Unpopular as innocence (thankfully)
I still shiver when I consider sex before my driver’s test,
two years before my first kiss a girl undressed closed
behind a door I wanted to remove,
waiting, a scared little boy,
if she would have dangled herself before my nose, who knows
what I would have followed
crowded with the crowd into locked rooms,
as if taped up doors ever stopped them.
afraid to be forced do anything (or anyone)

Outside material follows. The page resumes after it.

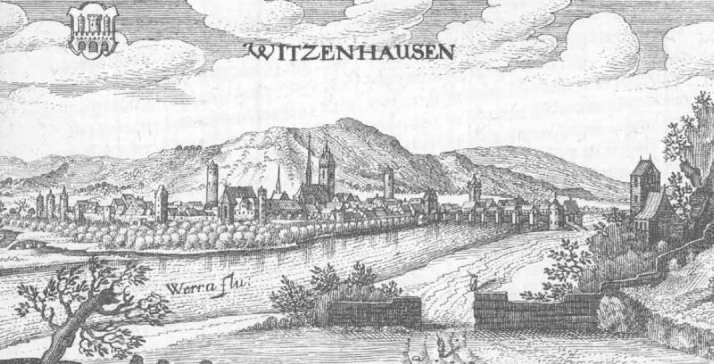 This is a scan of the historical document: Title: Witzenhausen - Topographia Hassiae language: german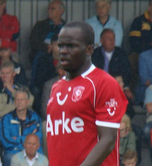 Image of the FC Twente-player Cheik Tiote

to be in control I must be out of popular circles and 7-minute heavens,
being unconventional at high school academic conventions
when they called my name,
I wrote, I wrote, I wrote.
An unlit firecracker decomposing in an underwear drawer
fire spells relief
shimmering in the night sky–
if I’d just eat or kiss or maybe even belong
I
‘d be happy.
running from entertainment every Friday,
opportunities to bless, to leave Jesus behind
treading where I’ve tread before,
yes, circular””but not waiting for you to depress
I
t r a n s v e r s e a translucent chord:
the roommate invites to talk with the room-less in smoky bars,
the friend invites to watch the movie about camaraderie,
alone, hugging myself with artistry
desperate to produce
a great life
I
write.
Happiness. . .I think not
When you wish,
make a list,
and finally open it
(happiness). . .I think not.
I love you, yes, but cannot lie:
I waste time lying in your arms.
Does guilt consume when I kiss you?
I feel alive only when second-guessing?